Political parties are sometimes not parties at all.  They may have a “party” when they are triumphant in an election, but frequently their “parties ” are not celebrations, particularly when they are at each other’s throats.  In such cases, they are at best more like a messy family reunion and at worst a bitter divorce proceeding.  I witnessed the range of disaffection during my 16 years of legislative service.  It wasn’t always pretty.

In the numerous elections I stood in, the most bitter contests were the intraparty ones.  There are always differences among candidates of the same stripe.  But you would expect that the variance would be minor.  In my own tribe—the Republican Party—it wasn’t always so.  Sometimes, the differences were over issues on the margin. Others were more sharply delineated, particularly on social issues or taxation.  Often they were a matter of personality.  But frequently, the campaign could get quite heated.

In the GOP, we have had our trying moments.  During the Obama years, when the Tea Party (Taxed Enough Already) spawned, it soon was drawn into policy fights that had more to do with issues outside of its original focus, which was specifically excessive taxation. Likewise, Libertarians infatuated with Congressman Ron Paul were so unhappy that he was not nominated by the GOP for president in 2012 that they became a drag on the eventual nominee, Mitt Romney.  And of course, even the MAGA coalition so adroitly assembled by Donald Trump is now pulling at its own seams concerning tariffs, gas prices, and the war in Iran. Parties are not parties.

Today you need look no further than the Democrat Party to see that.  For years, the Democrats were satisfied to tell us that we were not spending enough on anything.  The exception was defense.  Despite their gratuitous words in support of “our troops,” they actually do not like the military because it tends to be conservative, which, of course, Democrats are not.  Otherwise, they’ve consistently ascribed to the view that the government is the piggybank by which they win votes by handing out other people’s money.  They chafe at the idea that a government big enough to give you everything you want is big enough to take everything you have.  But that, of course, is a true threat to us all.  Big government will run our lives if we place in its hands the bridle to control us.  No thanks.

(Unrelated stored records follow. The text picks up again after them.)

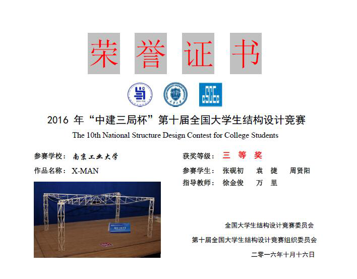 第十届全国大学生结构设计竞赛三等奖
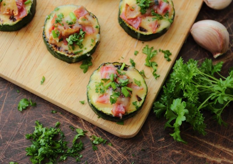 Składniki: 2 większe cukinie, 150 g sera żółtego gouda, 2 ząbki czosnku, natka pietruszki, 100 g boczku wędzonego, oliwa z oliwek.
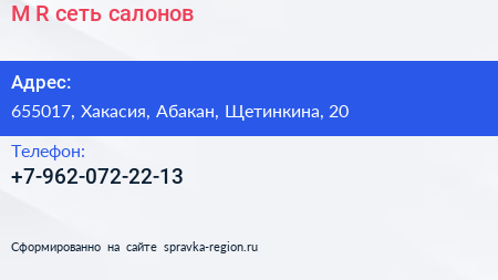 М.R., сеть салонов по адресу 655017, Хакасия, Абакан, Щетинкина, 20 в дальнейшем Организация, размещена в следующих категориях:
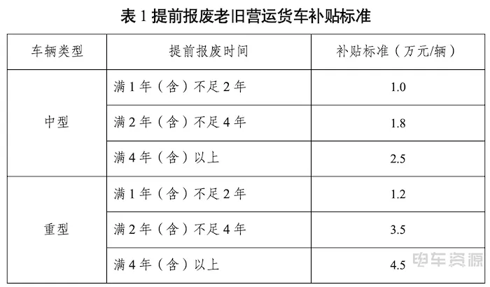 老旧重型营运货车满4年及以上报废可获4.5万元补贴
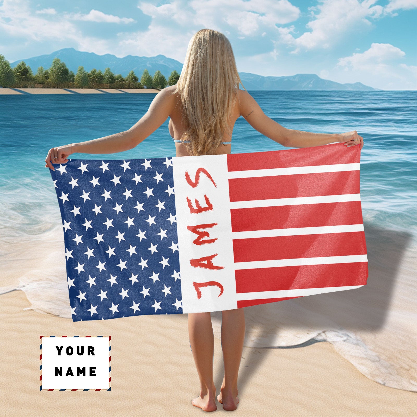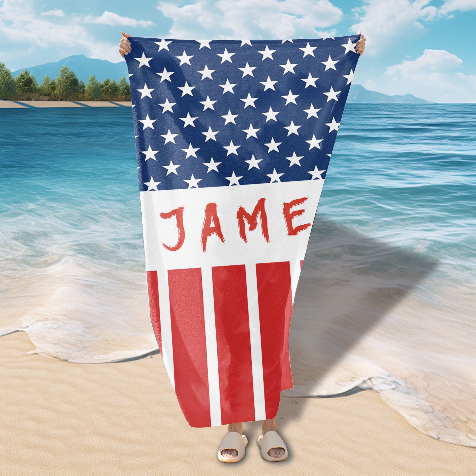 Personalized Custom Name Towel Unique 4th Of July American Flag Blanket
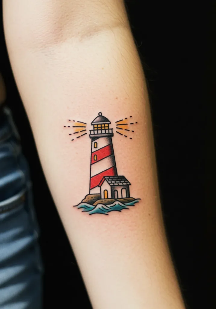 This charming lighthouse tattoo is inked on the forearm, featuring a red-and-white striped tower shining light in golden hues. Waves crash softly at the base, adding a splash of blue and motion to the design. The crisp outlines and cheerful colors make it pop against the skin while staying true to that vintage American traditional feel.
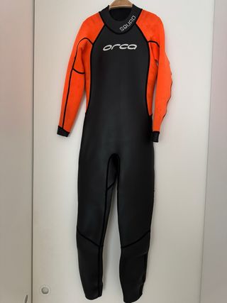 Neopreno Orca de manga larga para niño, ideal para deportes acuáticos. - Color negro y naranja. - Logo de Orca en el pecho. - Cuello alto. - Costuras reforzadas.
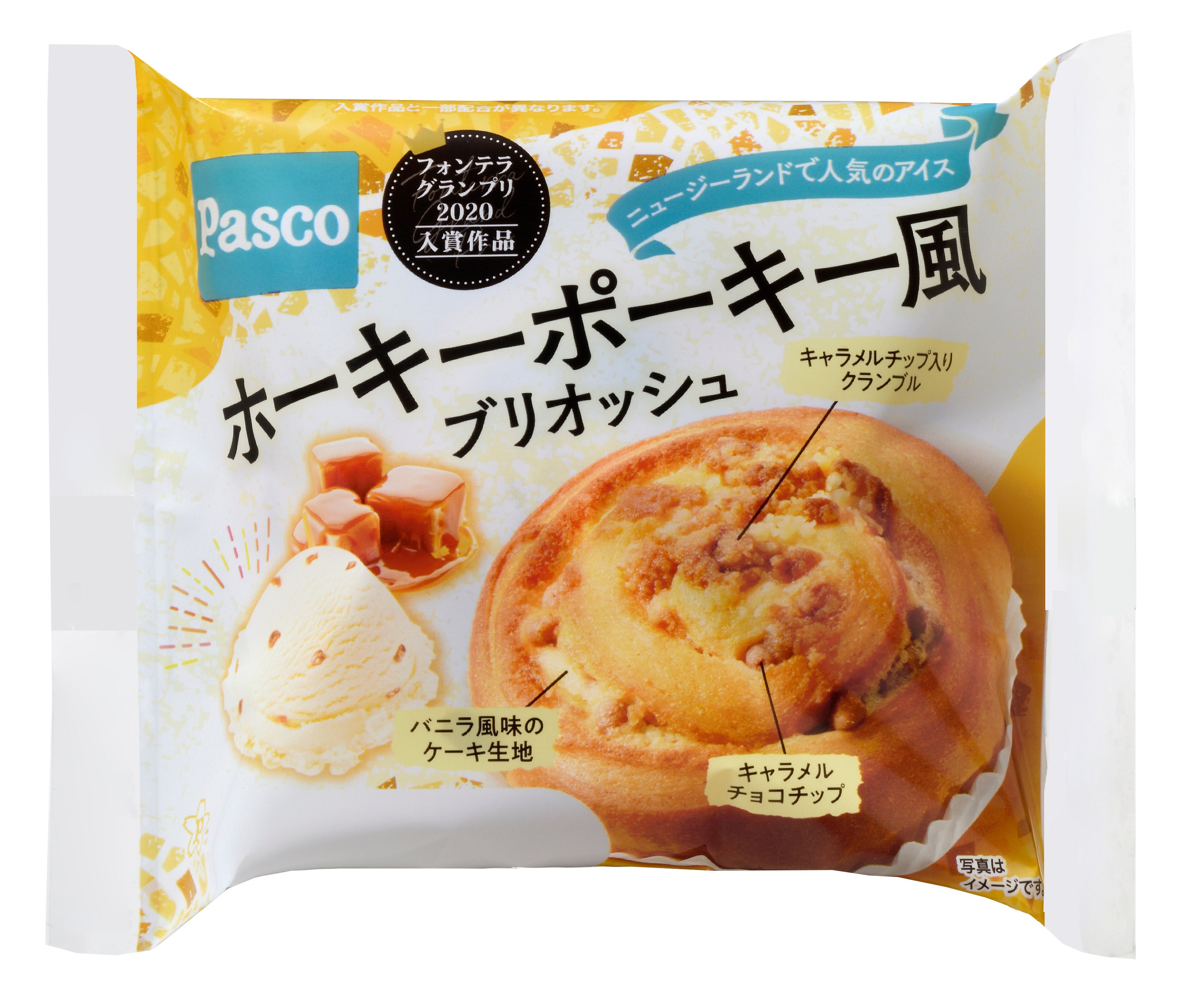 「ホーキーポーキー風ブリオッシュ」は、ニュージーランドで人気のアイス「ホーキーポーキー」(※)をイメージした商品で、ブリオッシュ生地にキャラメルチョコチップとバニラ風味のケーキ生地を巻き込み、キャラメルチップ入りクランブルをトッピングして焼き上げました。

However, in recent years—a function of the civics illiteracy that teacher unions have presided over—a generation of misguided and uneducated youth has attained voting age.  They have been sold a bill of goods labeled “socialism” that is very much about handing out other people’s money, wealth, homes, and rights.  Their motto is gimme-gimme.  But there is a darker side.

The socialists advancing under the Democrat Party banner are advocating for issues that are quite apart from the Democrats we knew in the 1990s.  Those Democrats were happy to tax and spend.  But today’s Democrat socialists are unhappy unless they are confiscating and destroying.

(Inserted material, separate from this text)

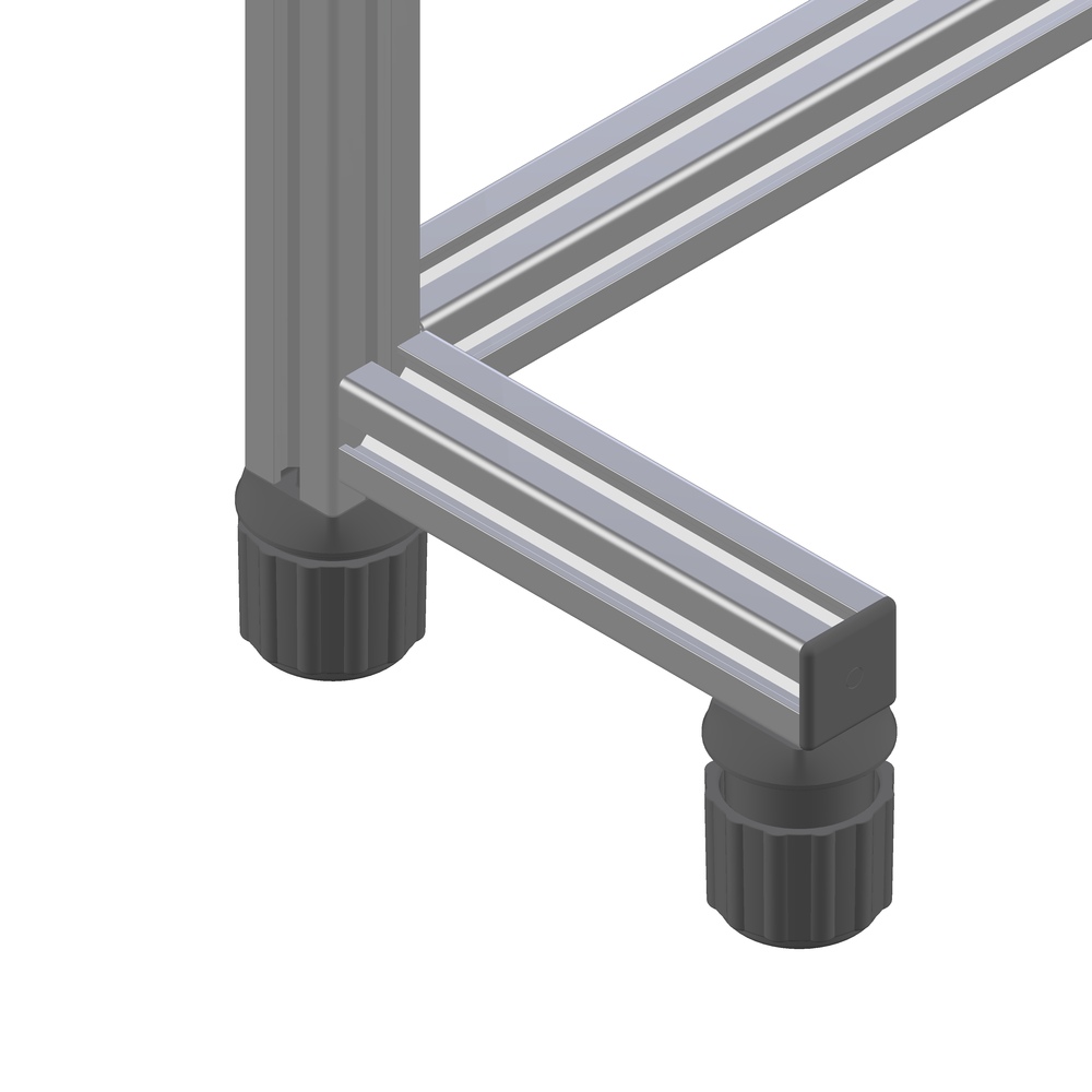 Kompaktna nastavljiva noga za aluminijaste profile serije 30, ki zagotavlja stabilno in estetsko pritrditev manjših konstrukcij v industrijskih aplikacijah.

Consider the issues they embrace. Seizing private property through rent control.  Anti-Semitism. Support for terrorist organizations like Hamas, Hezbollah, and Iran, thus aligning with those who are slaughtering innocent men, women, and children. Biological males playing in biological female sports. Boys “identifying” as girls and using the latter’s locker rooms.  Wide open borders.  Tourists coming to the US for the sole purpose of having babies that would then have dual US-foreign citizenship. Social programs that are fraught with fraud.  Offering Medicare benefits to people who have not paid a solitary penny into the program.  Defunding the police.  Doxing law enforcement officers who are executing the law as written.  Granting bail for criminals on the same day that they commit crimes. 

I grew up with traditional Democrats who would have rejected this.  To be sure, they wanted government to do more for the needy, but they had reasonable criteria.  Not so now with Democrats.

Indeed, today’s Democrats, focused as they are on rebuffing Trump for any reason at all, have condoned their socialist adherents in unimaginable ways.  When the communist Zohran Mamdani was elected as mayor of New York City last year, Democrat pols nervously told us, “That’s a New York phenomenon, not indicative of Democrats across the fruited plains.”  Oh really?  Now those socialists have also succeeded in several states across the country.

And the mainstream Democrat response? “We’re a Big Tent Party.” Well, that tent is soaked with a radical accelerant.  And when the match is struck, it will ignite a bonfire.  It’s time for Democrats to consider what until 5 minutes ago was unthinkable. That will require them to temper Trump-hatred and vote Republican. It may be ashes in their mouth, but better than ashes at their feet.